- Opening Delimiter -

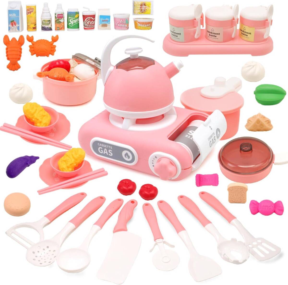 • 【豪華セット】51点の充実したセット内容。やかん、鍋、フライパン、調理器具、食材などが含まれ、本格的なごっこ遊びが楽しめます。
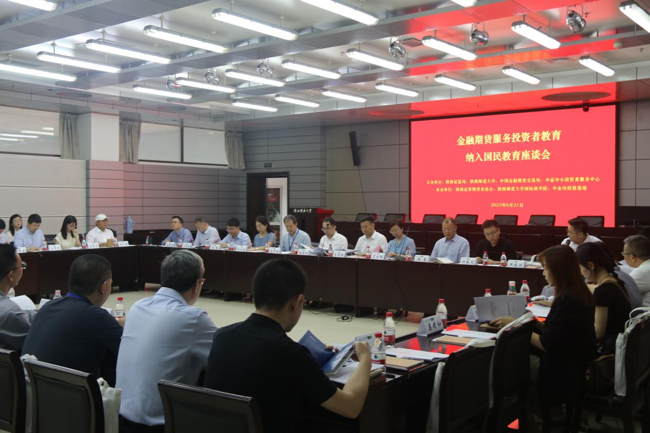6月21日上午由陕西证监局、威廉希尔williamhill官方网站、中国金融期货交易所、中证中小投资者服务中心主办,陕西证券期货业协会、英国威廉希尔英文官网、中金所投教基地承办的“金融期货服务投资者教育纳入国民教育座谈会”在威廉希尔williamhill官方网站召开。陕西证监局党委委员、副局长曹淮扬,陕西证券期货业协会秘书长任江虹,中证中小投资者服务中心党委副书记、总经理黄勇,中国金融期货交易所党委副书记、总经理张晓刚,威廉希尔williamhill官方网站党委副书记罗永辉,威廉希尔williamhill官方网站国际商公司党委书记思培峰,经理雷宏振,副经理尹海员以及省内外高校相关学科负责人、机构代表共40余人参加本次座谈会。
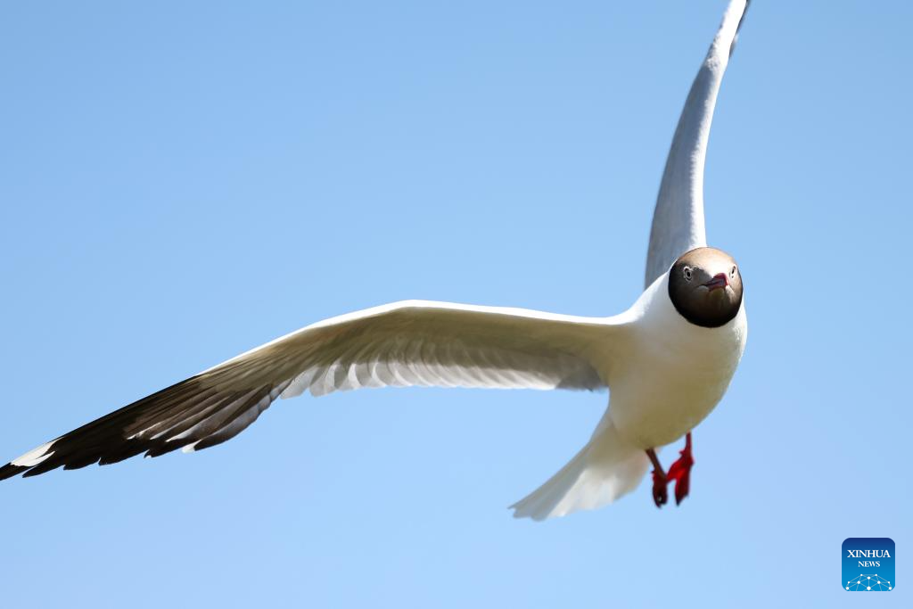 LUQU, 12 julio, 2025 (Xinhua) -- Imagen del 11 de julio de 2025 de una gaviota de cabeza marrón volando sobre el humedal de Gahai, en el distrito de Luqu de la prefectura autónoma tibetana de Gannan, en la provincia de Gansu, en el noroeste de China. Las aviotas de cabeza marrón en el humedal de Gahai atraen a muchos turistas en verano. (Xinhua/Chen Bin)
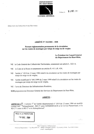 portant réglementation permanente de la circulation sur les routes de montagne par temps de neige ou de verglas Resumé Pièces jointes ARRETE Assemblée : Non défini Date : 11/12/2001 Rapporteur : Non défini Collectivité : Conseil départemental du Haut-Rhin Direction : Non défini Service : Direction des Routes Domaine : Circulation Commission :
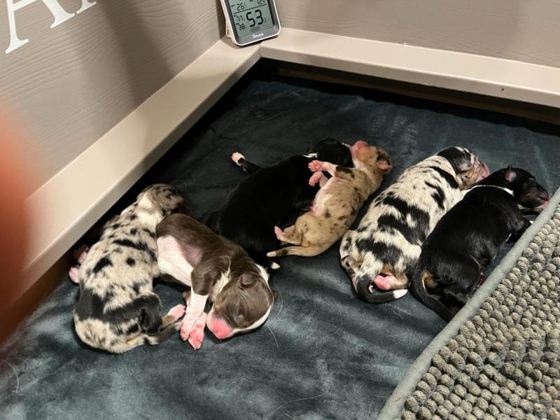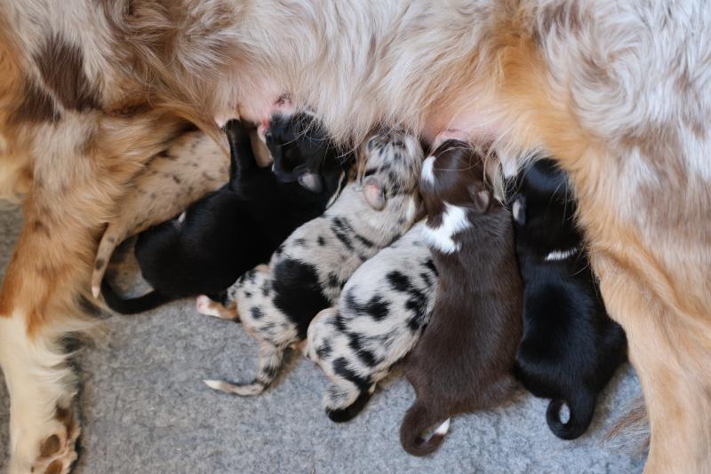 Op bezoek geweest bij de pups van Checco en Ginger bij Chinmayis Dream Aussies. Hierbij enkele foto's van de pups, gemaakt op 6 dagen oud. De pups zijn prachtig en doen het goed. Ginger is een uitstekende moeder.

- Closing Delimiter -

◆ **Problem to solve**
Without the pictures, retype each line of the records above exactly.

◆ **Worked solution**
 • 【豪華セット】51点の充実したセット内容。やかん、鍋、フライパン、調理器具、食材などが含まれ、本格的なごっこ遊びが楽しめます。
6月21日上午由陕西证监局、威廉希尔williamhill官方网站、中国金融期货交易所、中证中小投资者服务中心主办,陕西证券期货业协会、英国威廉希尔英文官网、中金所投教基地承办的“金融期货服务投资者教育纳入国民教育座谈会”在威廉希尔williamhill官方网站召开。陕西证监局党委委员、副局长曹淮扬,陕西证券期货业协会秘书长任江虹,中证中小投资者服务中心党委副书记、总经理黄勇,中国金融期货交易所党委副书记、总经理张晓刚,威廉希尔williamhill官方网站党委副书记罗永辉,威廉希尔williamhill官方网站国际商公司党委书记思培峰,经理雷宏振,副经理尹海员以及省内外高校相关学科负责人、机构代表共40余人参加本次座谈会。
 LUQU, 12 julio, 2025 (Xinhua) -- Imagen del 11 de julio de 2025 de una gaviota de cabeza marrón volando sobre el humedal de Gahai, en el distrito de Luqu de la prefectura autónoma tibetana de Gannan, en la provincia de Gansu, en el noroeste de China. Las aviotas de cabeza marrón en el humedal de Gahai atraen a muchos turistas en verano. (Xinhua/Chen Bin)
 portant réglementation permanente de la circulation sur les routes de montagne par temps de neige ou de verglas Resumé Pièces jointes ARRETE Assemblée : Non défini Date : 11/12/2001 Rapporteur : Non défini Collectivité : Conseil départemental du Haut-Rhin Direction : Non défini Service : Direction des Routes Domaine : Circulation Commission :
 Op bezoek geweest bij de pups van Checco en Ginger bij Chinmayis Dream Aussies. Hierbij enkele foto's van de pups, gemaakt op 6 dagen oud. De pups zijn prachtig en doen het goed. Ginger is een uitstekende moeder.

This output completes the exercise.